-- Opening Marker --
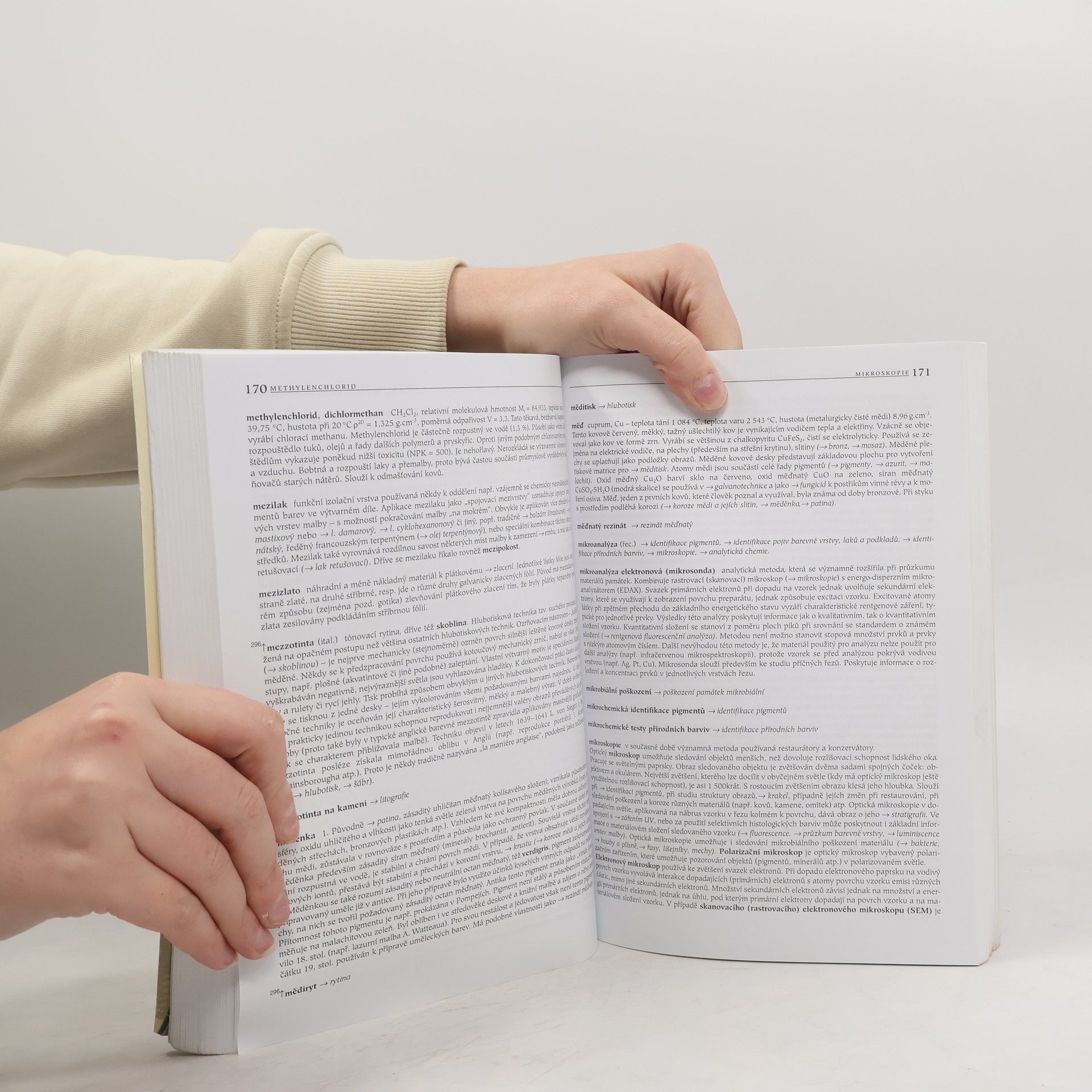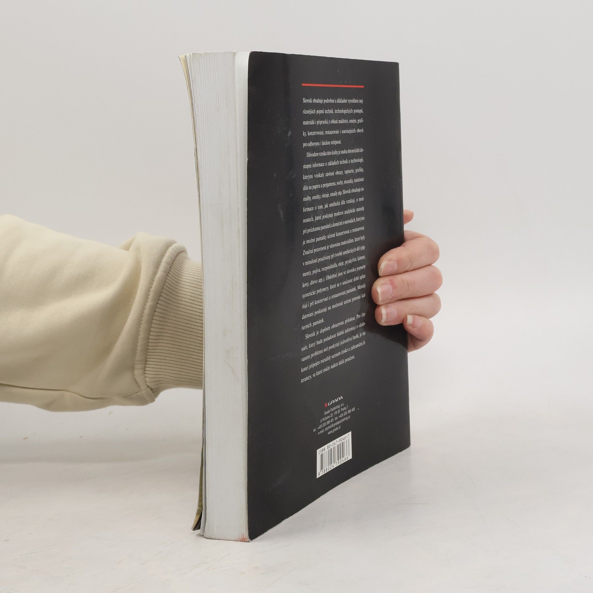 Výkladový slovník pojmů označujících techniky, technologie a materiály používané při tvorbě, konzervování a restaurování uměleckých děl. Slovník vysvětluje základy technik a technologií, kterými vznikaly závěsné obrazy, tapiserie, díla na papíru a pergamenu, grafiky, sochy, nástěnné malby, omítky, mozaiky, vitraje, emaily atd. Značná pozornost je věnována materiálům, které byly v minulosti používány při tvorbě uměleckých děl (pigmenty, pojiva, rozpouštědla, oleje, pryskyřice, kámen, kovy, dřevo atp.). Současně obsahuje také informace o průzkumu, konzervaci, restaurování i ochraně uměleckých památek a materiálech i technologiích k tomu používaných.
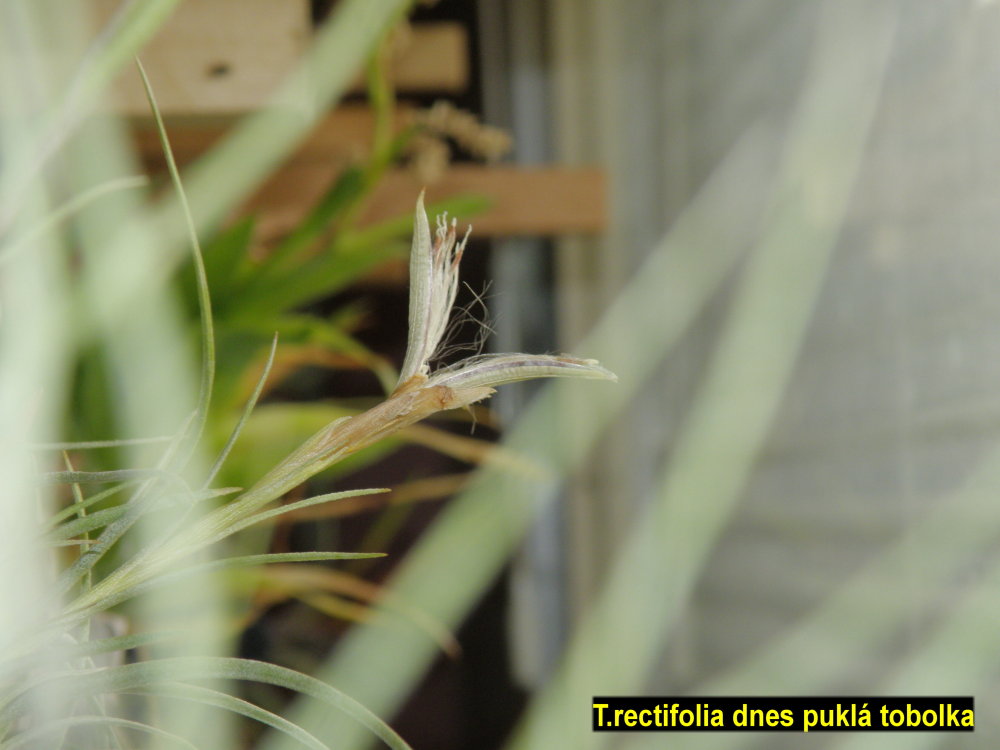 pozn.1 -(zjištěno z webu - Bromeliads image rectifolia Tillandsia native to Costa Rica. It results from a cross between Tillandsia ionantha and Tillandsia schiedeana. It has been described as a genuine species, as the population became very big in habitat. This vigorous plant produces slender, soft, pale green to yellow leaves, with a silvery base. The tubular, 3-cm long flowers are cream to violet from the bottom to the top.)
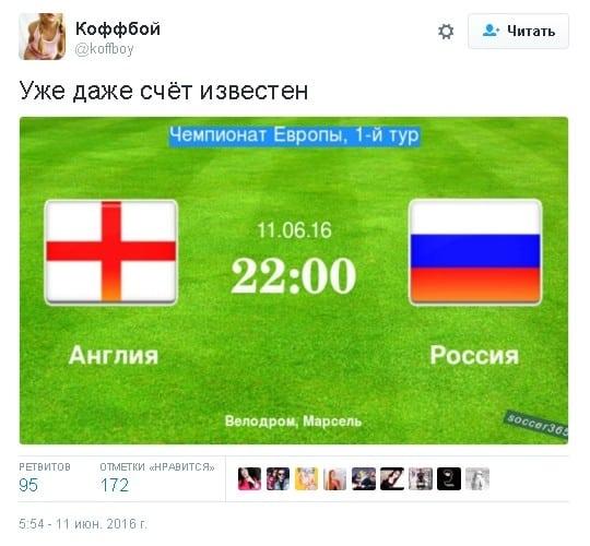 В интернете набирает популярность прикол с анонсом матча чемпионата Евро-2016 между сборной Англии и России. Комментаторы интерпретировали время начала игры (22:00) в счет, с которым завершится встреча.
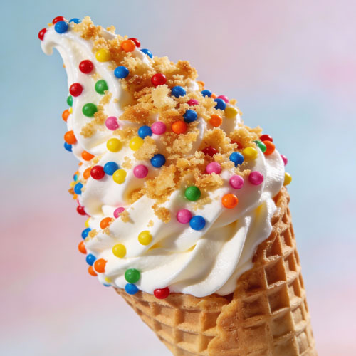 100s and 1000s are essential because they deliver instant visual recognition and textural contrast in a single ingredient. A generous coat of 100s and 1000s transforms a white dessert into an instant mood-lifter. As a soft serve topping, those tiny rainbow spheres trigger recognition before the first bite, and customers know this flavour before tasting it.
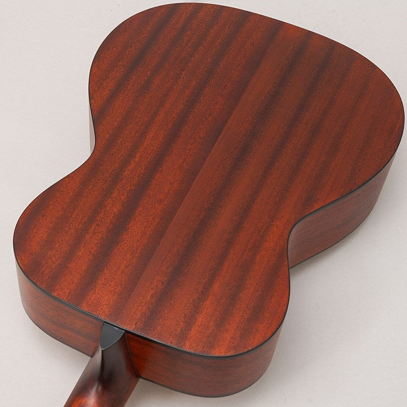 It features a torified solid Sitka spruce top, Sapele plywood back and sides that produce a rich midrange, a compact Triple O (000) body that is recommended for petite people and women, and a pleasant-to-the-touch satin finish.
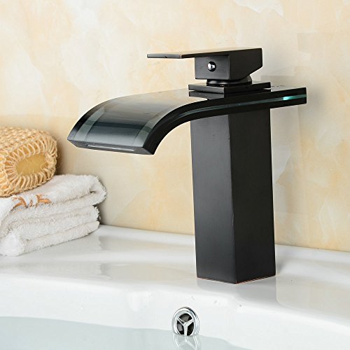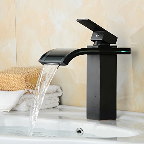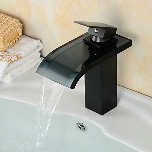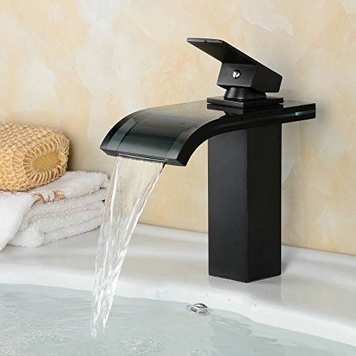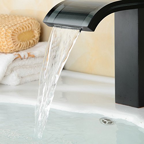 beeleeデッキマウント滝蛇口バスルーム盆地蛇口バスルームオイルはブロンズWaterfall注ぎ口バスルームシンク洗面化粧台洗面ミキサータップ、オイルはブロンズ
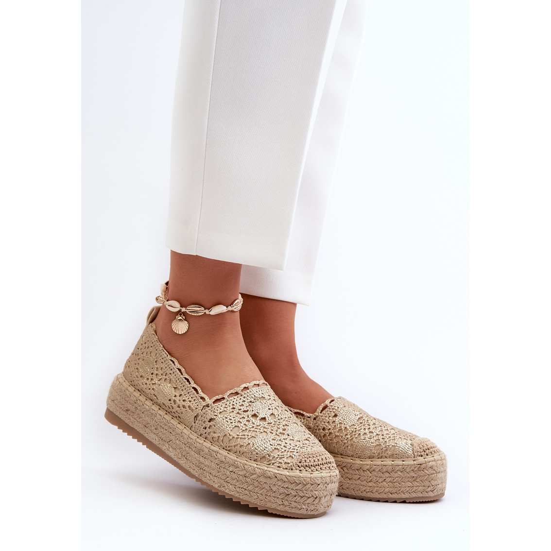 Részletek: Női csipke espadrillák az arany Elarose platformon aranysárga
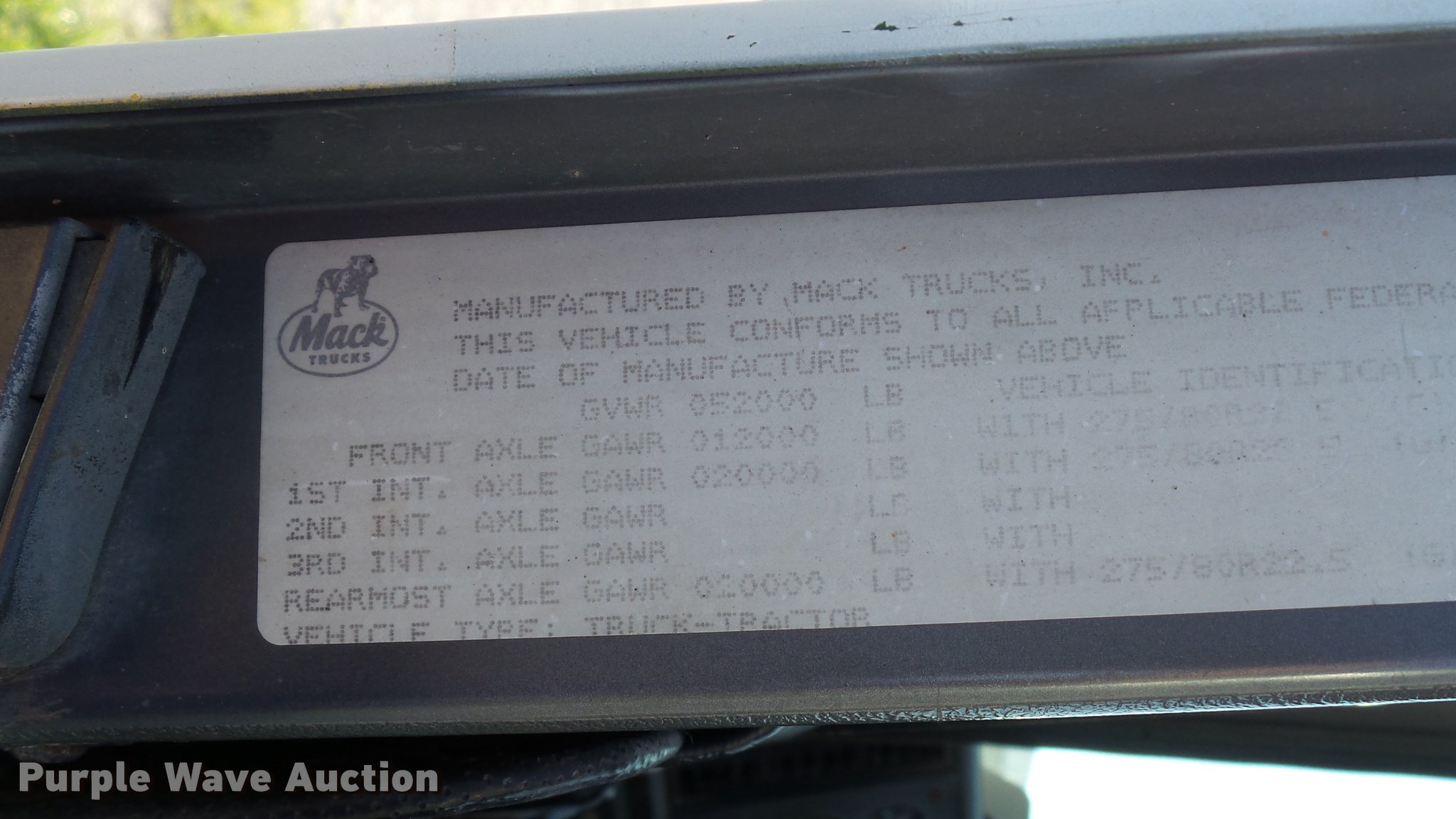 Purple Wave is selling a used Truck Chassis in Indiana. This item is a 1996 Mack CH613 truck cab and chassis with the following: 18,735 miles on odometer, 3,090 hours on meter, Mack E7 12.0L L6 turbo diesel engine, 350 HP, Serial 5N1967, Eaton Fuller nine speed manual transmission, Tandem axle, Inter-axle differential lock, Heat, Tilt, Cruise, AM/FM/cassette, Heated mirrors, Air suspension seat, Air ride cab, Block heater, PTO, Front tow hooks, Single rear exhaust stack, Single fuel tank, Air suspension, Air brakes, Engine brake, 200" wheelbase, 10R22.5 front tires, 11R22.5 rear tires, GVWR 52,000 lbs, FAWR 12,000 lbs, IAWR 20,000 lbs, RAWR 20,000 lbs, Decals will be removed prior to auction, Driver side door will not latch, Unit# 51886
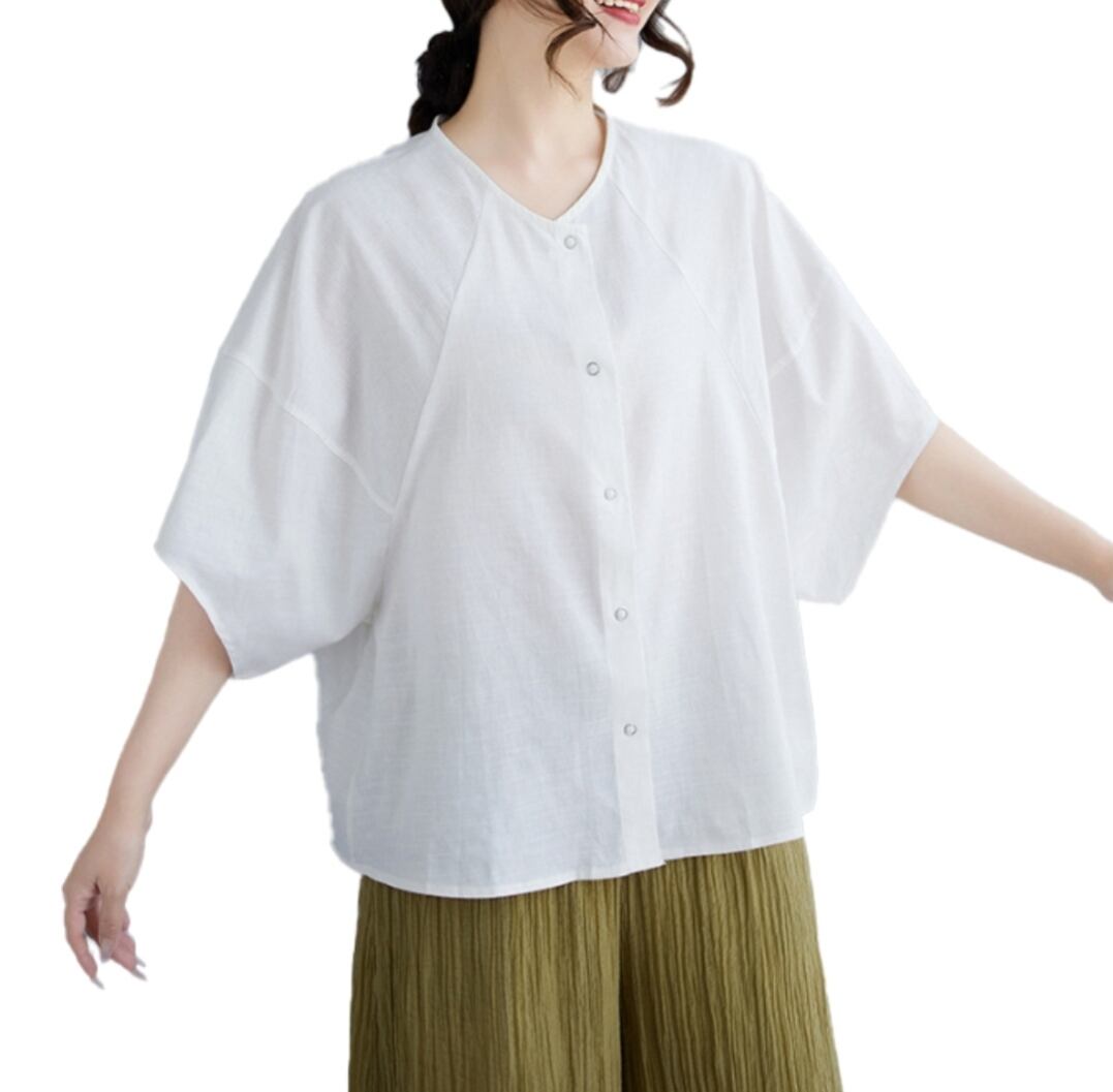 シャツ レディース ブラウス トップス 綿 麻 チュニック おしゃれ リネンシャツ 七分袖 ノーカラー 薄手
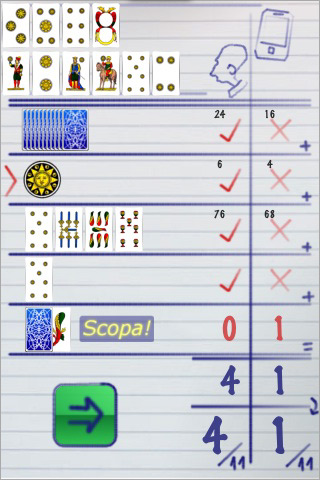 Per chi ama i giochi di carte anche in versione digitale il provvidenziale Luigi Castiglione ha reso disponibile il gioco della scopa per iPhone e touch. L’interpretazione è quella tradizionale, storica: 40 carte del tipo napoletano con denari, spade, bastoni e coppe. Grafica pulita, mancano purtroppo i suoni e soprattutto la possibilità di giocare con concorrenti umani. Gli appassionati devono così scontrarsi con le abilità del proprio iPhone/touch.
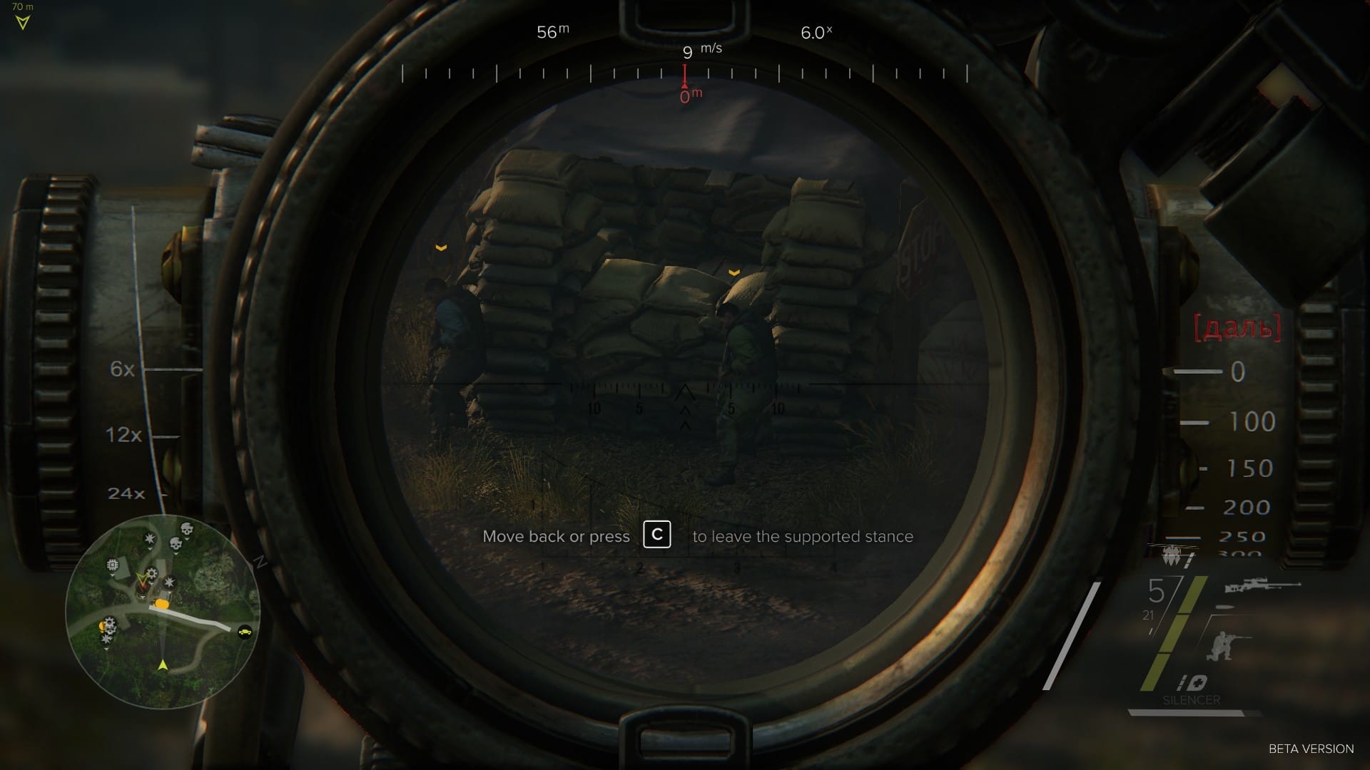 Anders als bei den beiden Vorgängern bietet Sniper Ghost Warrior 3 nur noch wenig Hilfe. Sachen wie die Zielhilfe oder das automatische Zeroing fällt komplett weg (so zumindest in der Beta). Man muss nun selbst den Schuss bei Wind und Entfernung berechnen und im richtigen Moment abdrücken, was das ganze um einiges authentischer rüber bringt, als die beiden Vorgänger. Dazu kommt noch, dass der Schalldämpfer ähnlich wie bei Metal Gear Solid 5: The Phantom Pain nach einiger Zeit aufgebraucht ist und man dank dem System eine gewisse taktische Tiefe hat. Das Fernglas der Vorgänger wurde durch eine Drohne ersetzt, welche (leider) immer noch Gegner automatisch markiert und man diese hinter Wänden noch sehen kann. Bleibt nur zu hoffen, dass man es deaktivieren kann.
-- Closing Marker --
## Exercise goal
In the data above, the line containing "Per chi ama" and all lines after it are to be reproduced exactly, leaving out the pictures.

## Solution to this problem
 Per chi ama i giochi di carte anche in versione digitale il provvidenziale Luigi Castiglione ha reso disponibile il gioco della scopa per iPhone e touch. L’interpretazione è quella tradizionale, storica: 40 carte del tipo napoletano con denari, spade, bastoni e coppe. Grafica pulita, mancano purtroppo i suoni e soprattutto la possibilità di giocare con concorrenti umani. Gli appassionati devono così scontrarsi con le abilità del proprio iPhone/touch.
 Anders als bei den beiden Vorgängern bietet Sniper Ghost Warrior 3 nur noch wenig Hilfe. Sachen wie die Zielhilfe oder das automatische Zeroing fällt komplett weg (so zumindest in der Beta). Man muss nun selbst den Schuss bei Wind und Entfernung berechnen und im richtigen Moment abdrücken, was das ganze um einiges authentischer rüber bringt, als die beiden Vorgänger. Dazu kommt noch, dass der Schalldämpfer ähnlich wie bei Metal Gear Solid 5: The Phantom Pain nach einiger Zeit aufgebraucht ist und man dank dem System eine gewisse taktische Tiefe hat. Das Fernglas der Vorgänger wurde durch eine Drohne ersetzt, welche (leider) immer noch Gegner automatisch markiert und man diese hinter Wänden noch sehen kann. Bleibt nur zu hoffen, dass man es deaktivieren kann.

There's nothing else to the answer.